American blogger (born 1997)

Justina Sharp (born October 2, 1997) is an American fashion and beauty influencer, blogger, journalist, advice columnist, and social justice advocate. She is a fashion influencer who has collaborated with fashion and beauty brands such as Smashbox, American Eagle, and IKEA through her blog A Bent Piece Of Wire.

== Early life and education ==
Sharp was born October 2, 1997, in Sacramento, California to John and Heike Sharp. Sharp is mixed-race, and has identified herself as German-American. She was homeschooled until she graduated high school at age 16. Sharp previously studied at American River College in Sacramento, and is currently a junior at California State University, Fullerton.

== Career ==
At 13 years old, Sharp founded and has served as editor of her fashion, entertainment and lifestyle site A Bent Piece of Wire since 2011. Her site is best known for its fashion and beauty content, interviews with up-and-coming and established figures in the fashion and entertainment industries, including Laura Brown, Rebecca Black, and R5. as well as extensive skincare reviews and travel coverage. Justina is active on social media, especially Instagram and Twitter, with an estimated 60,000 followers across platforms. She has been featured in Teen Vogue, Vogue Italia, NPR, Buzzfeed, the Huffington Post, and more. Her weekly advice column is published to her Instagram and focuses on relationships and self-help. Sharp has also written on relationships for other platforms, including Oakland-based YR Media.

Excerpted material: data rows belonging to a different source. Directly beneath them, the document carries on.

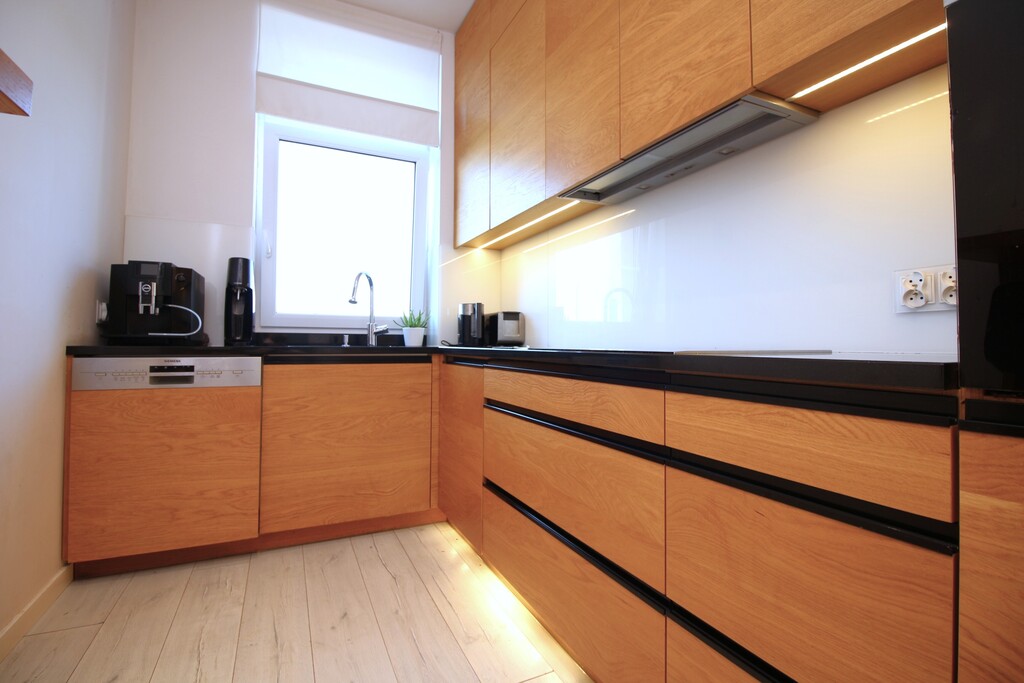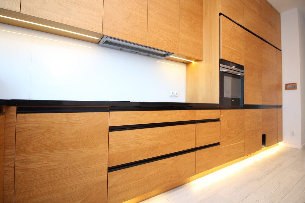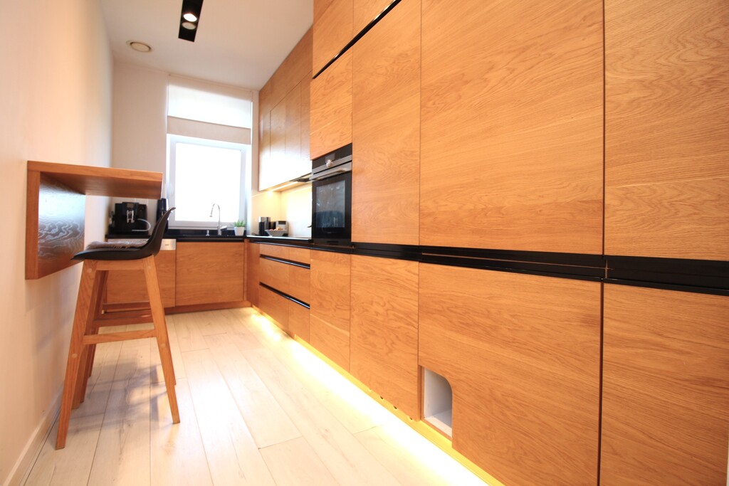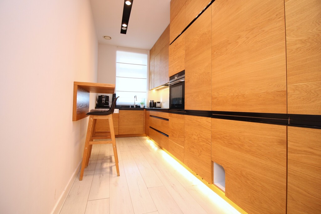 - kuchnia, zaprojektowana na wymiar, z zabudową pod sam sufit oraz sprzętami AGD
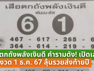 แนวทางหวย เสือตกถังพลังเงินดี งวด 1 ธ.ค. 67 จัดเต็มเลขเด่น 6 และ 1 พร้อมชุดเลขท้าย 2 ตัว และ 3 ตัวครบครัน ลุ้นโชคส่งท้ายปี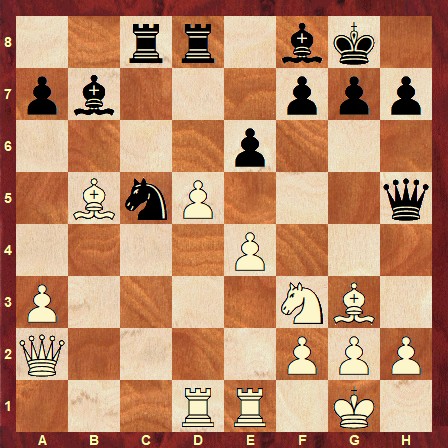 The solution is: 21… Nxe4 22. Rxe4 Rxd5 23. Rxd5 Bxd5 24. Rc4 Bxc4 25. Bxc4 Qd5 26. Nd2 Rxc4 27. Qxc4 Qxd2 28. h3 Bxa3 29. Qc8+ Bf8 30. Qa8 a5 31. f3 Qb4 0-1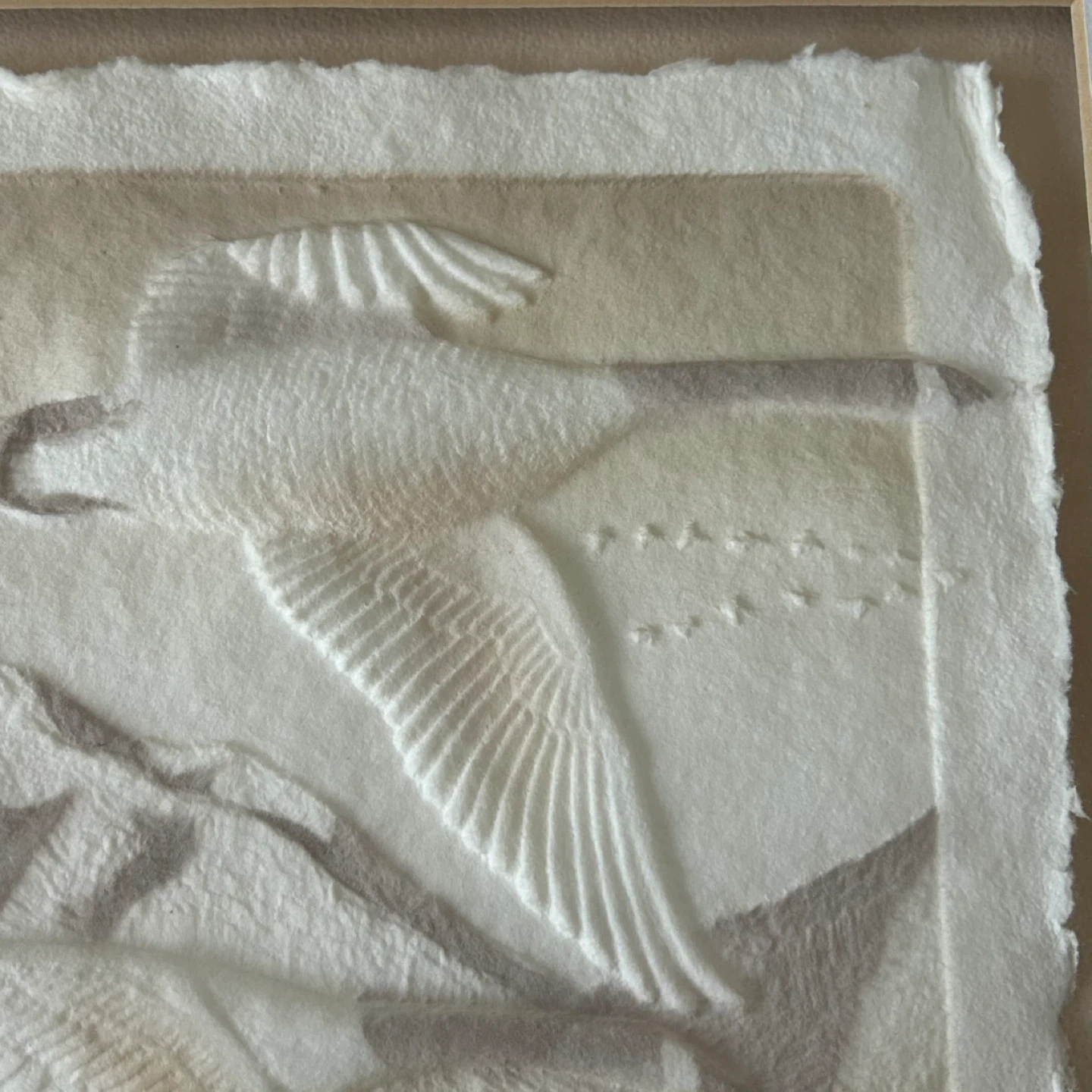 Beautiful vintage framed paper casting titled “Canada Geece”, featuring two Canada geese flying over a mountain landscape. The artwork has a wonderful raised, sculptural texture typical of quality cast paper art, giving the scene a subtle three-dimensional effect.
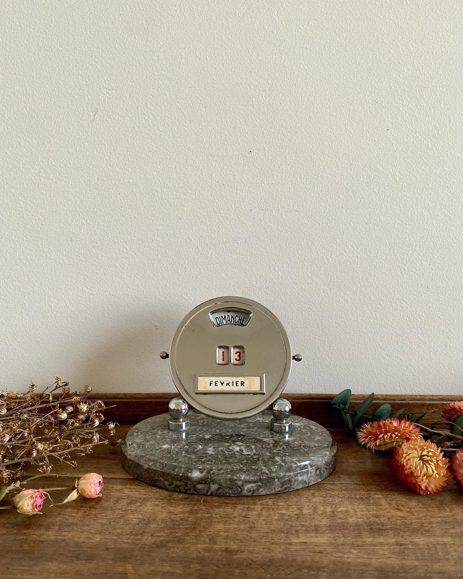 Cette semaine, nous vous présentons ce petit calendrier perpétuel avec sa base porte plume en marbre gris foncé.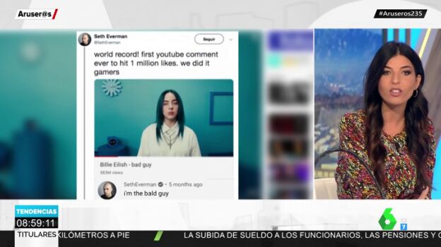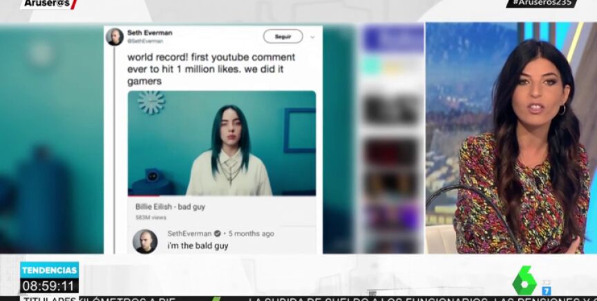 En esta ocasión ha sido un influencer el que ha conseguido el comentario del millón. Lo ha hecho comentando un vídeoclip de la cantante del momento, Billie Eillish. Se trata del tema Bad Guy (Mal tío) y el comentario reza "I'm the bald guy" (Soy el tío calvo) y efectivamente es lo que refleja su foto de perfil. Un irónico juego de palabras que logra superar el millón de 'me gustas' en YouTube.

Sharp is also the adult director of a residential summer camp in Northern California

== Controversy ==
Sharp first gained national attention after her article "I'm A Barbie Girl, In The Real World" was published by the Huffington Post in February 2014. She also defended Sports Illustrated's decision to run a feature on Barbie, saying "Barbie is the doll that shaped the childhood of millions, including mine". Sharp guest-wrote a follow-up op-ed piece for The New York Times and appeared on the Today Show.

Sharp has been the target of online harassment relating to her views on abortion, race discrimination, and gender inequality.